What's fastest way for calculate this Sigma?

Sorry for bad English.
What's the fastest way to calculate this?

$$ \sum_{i=11}^{35}\left(\begin{array}{c} 35 \\ i \end{array}\right)\left(\frac{1}{10}\right)^{i}\left(\frac{9}{10}\right)^{35-i}=0.0004 $$

Is the solution for this related to the Central limit theorem? If is it, how to solve with this theorem ?
Thank You.

Solution 1:

I would say that the quickest way was with a computer.

For example in R

m <- 35; n <- 11:m; sum(choose(m,n) * 0.1^n * 0.9^(m-n))

gives 0.0004242976.

If you wanted to do this approximately by hand, it seems likely that most of the sum is in the $i=11$ term, which is about $0.0003328$. The $n=12$ term is about $0.000073957$ and the others are rather smaller.

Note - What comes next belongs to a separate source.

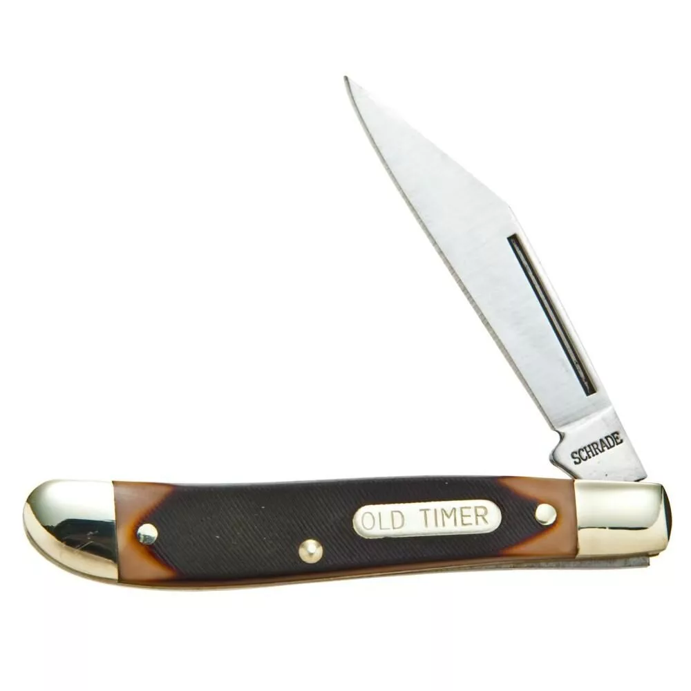 Since 1958 Old Timers have been found in the pockets of sharp outdoorsmen. The Schrade Old Timer Pal Single Blade Pocket Knife features saw cut Delrin handles 400-series stainless steel blades heat-treated back springs and brass pins for unmatched functionality and durability. Clip blade. Closed length: 3''. Weight: 1.1 oz.

If you were to use the Central Limit Theorem then you have a binomial distribution with mean $35\times0.1 = 3.5$ and variance $35\times0.1 \times0.9 = 3.15$. So with a continuity correction, you want the probability that a standard normal distribution is greater than $\frac{10.5-3.5}{\sqrt{3.15}} \approx 3.944053$ giving $0.000040058$, which is wrong by more than a factor of $10$. You should not expect the Central Limit Theorem to give accurate answers in the tail.